Classification of Faraday Complexity Using Convolutional Neural Networks

  • Joseph Hanson

Student thesis: Phd


This thesis focuses on the problem of Faraday complexity classification using Bayesian deep learning, investigating the task in a level of detail not currently available in the literature, and highlighting a number of key topics for consideration as more observations are made in the near-future. A code-base is developed for producing some of the most realistic simulations of Faraday populations currently available, and results are found and analysed on this synthetic dataset. This research then provides the first application of deep learning methods to real Faraday rotation data by obtaining labels and associated uncertainties for 2,206 polarised radio sources observed using the Low Frequency Array (LOFAR) telescope.
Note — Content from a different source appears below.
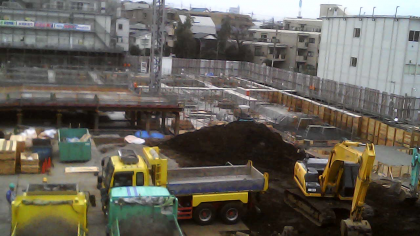 工事の定例の打ち合わせ会で、現場事務所から写真を撮りました。大勢の方々が手際よく...

Successful application to the LOFAR data is enabled through careful consideration of the simulated-to-real (Sim2Real) transfer learning problem, with the model trained on synthetic data before application to real data. By using a group of human experts to label a subset of samples, a comparison is made possible between the AI predictions and human labels, including confirmation that the model trained only on simulated data functions at a near-human-level on unseen real data. Particular attention is devoted to quantifying the total, aleatoric and epistemic uncertainties associated with the predicted labels, and to the application of domain randomisation as a domain adaption technique for improving Sim2Real performance. The work in this thesis contributes towards research on of cosmic magnetism, the study of the largest physical-scale magnetic fields in the Universe. This area is set for a rapid growth of knowledge provided by new and near-future telescopes including the Square Kilometre Array. Novel insight into cosmic magnetism will be enabled through an extreme increase in the quality and quantity of data in observations of radio astronomy that utilise the Faraday effect, and this big data motivates a machine learning based approach.
Date of Award31 Dec 2022
Original languageEnglish
Awarding Institution
  • The University of Manchester
SupervisorJonathan Shapiro (Supervisor) & Anna Scaife (Supervisor)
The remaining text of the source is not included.